- Born: Albania
- Occupations: Social worker; Environmental activist;
- Organization(s): Founder and Executive Director, LUMI
- Awards: Goldman Environmental Prize 2025

= Besjana Guri =

Albanian social worker and environmental activist

Besjana Guri (born 1987 or 1988) is an Albanian social worker and environmental activist best known for her work as the Co-Founder and Communications Officer of EcoAlbania, where she worked in tandem with Executive Director Olsi Nika to protect the Vjosa. She is also the founder and executive director of LUMI, and through this has been a prominent activist for the Flamingo Revolution. Guri and Nika were jointly awarded the Goldman Prize for Europe in 2025.
==Biography==
Guri was born and raised in Albania and graduated from the University of Tirana, where she earned a bachelor's degree in social work and a master's degree in community organization.

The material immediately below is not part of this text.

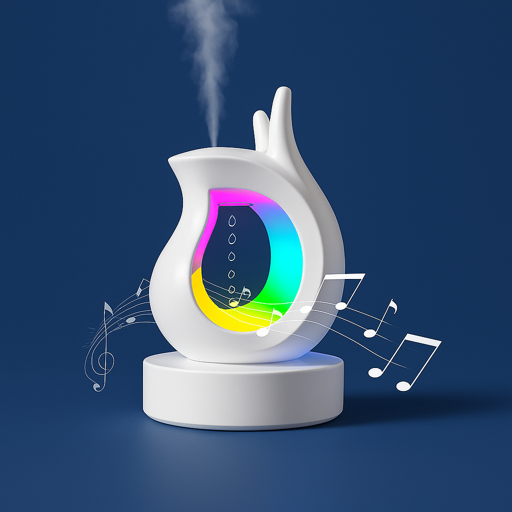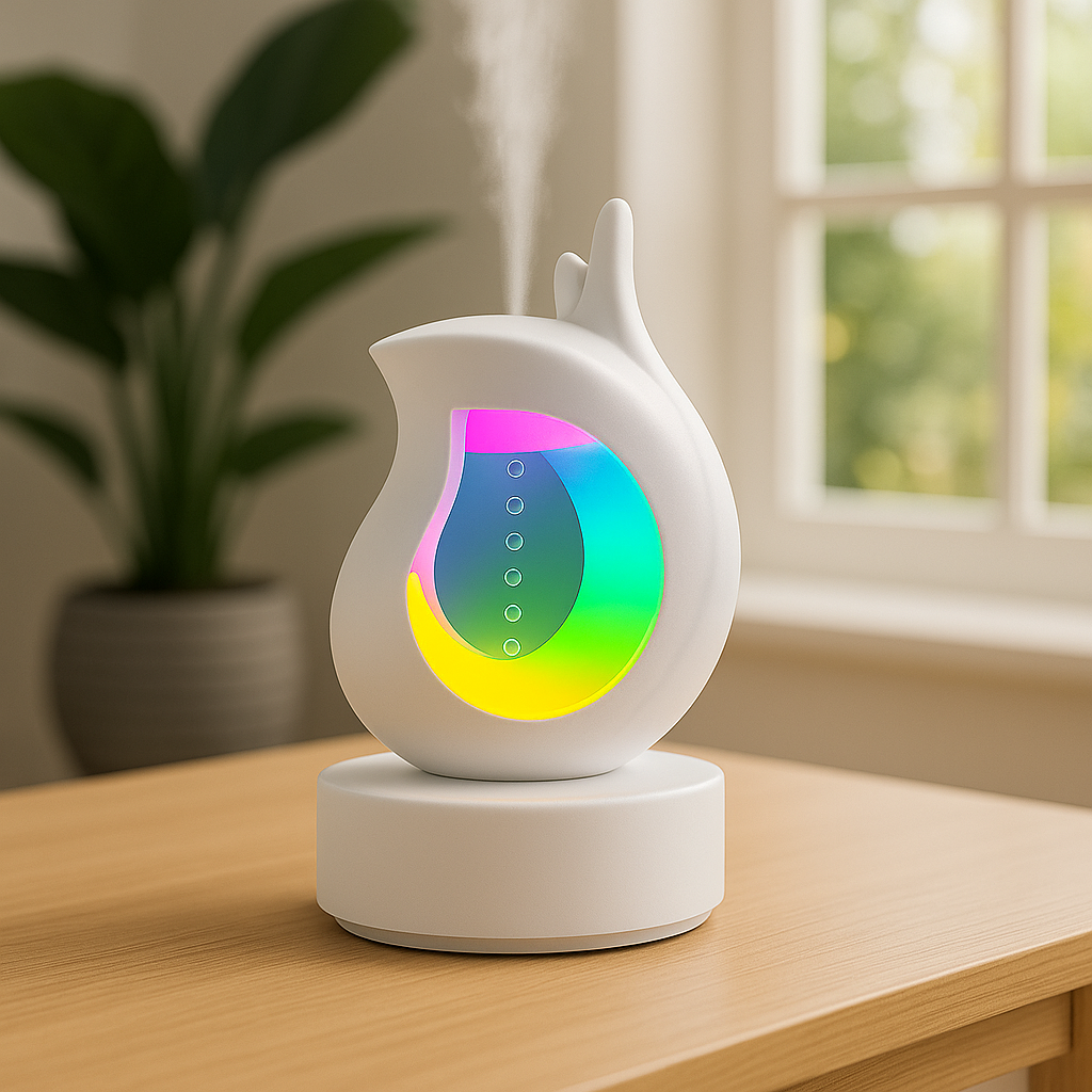 Transform your space into a tranquil retreat with the LumiMist Aura Diffuser, a beautifully crafted aromatherapy essential that fuses modern design with ambient wellness. Its elegant flame-like silhouette, finished in pristine matte white, makes it a stylish accent for your home or office decor. The heart of the design features a vibrant LED-lit water droplet that cycles through a full spectrum of soothing colors—creating an atmosphere of calm, clarity, or cheerfulness based on your mood.

She co-founded EcoAlbania with Olsi Nika in 2014, where she became the Communications Officer. The organization set out to protect Albania's natural ecosystems. That same year, they launched the Save the Blue Heart of Europe campaign to protect the Vjosa from use in hydropower. Guri led the communication to both the public and the media, and informed local communities about development projects. As part of her effort against the hydropower, she has emphasized a diversity of sources of renewable energy.

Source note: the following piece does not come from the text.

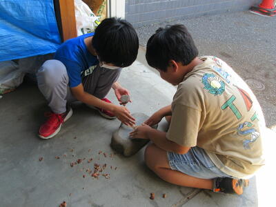 また、どんぐりをすりつぶしたり、火をおこしたりする体験もしました。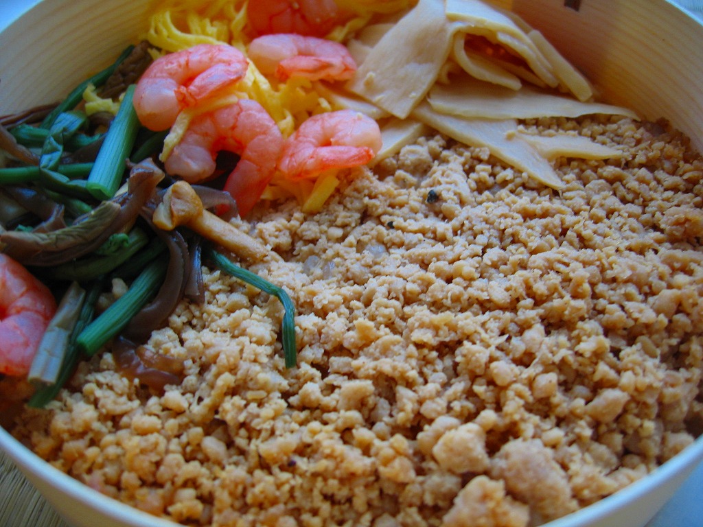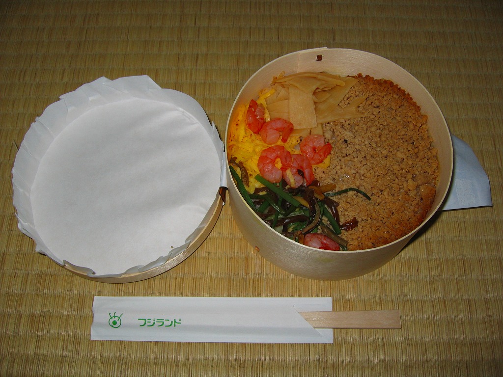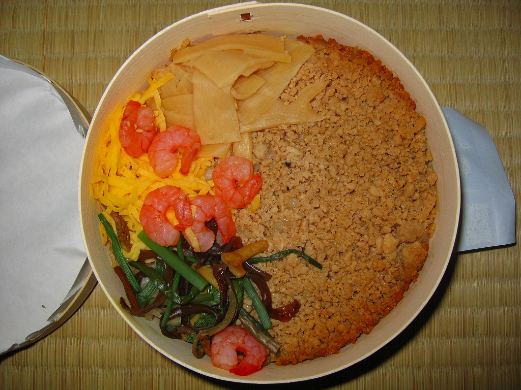 木目調ボール紙のふたと底に経木の枠を接着した円形の容器を使用、注意書きのシールと食品表示ラベルを貼り、商品名のシールで封をする。中身はもち米混じりの白御飯の上を、粒子がきれいな鶏そぼろでていねいに覆い、メンマ、エビ、山菜、錦糸卵を添える。

They soon received national and international support. In November 2021, Guri and Nika brought in Patagonia, Inc. to help mediate between EcoAlbania and the government. Their efforts led to the Vjosa becoming the Vjosa Wild River National Park, protecting more than 31,000 acres of the river and its tributaries.

After the creation of the park, she shifted her focus to leading protests to protect the Vjosa's tributary Shushica from commercial use.

She jointly received the Goldman Prize for Europe in 2025 with Nika. She was also featured on Living on Earth in June 2025. That same July, she founded LUMI, otherwise known as the Movement for Water, Environment, and Integration, where she serves as executive director.

At LUMI, she was one of the first to raise alarms about the Sazan Island Resort and the damage it would cause to the Vjosa-Narta. She led early activism against that resort in the name of protecting the Vjosa-Narta, and has been an active participant and spokesperson for the subsequent Flamingo Revolution stemming from the resort.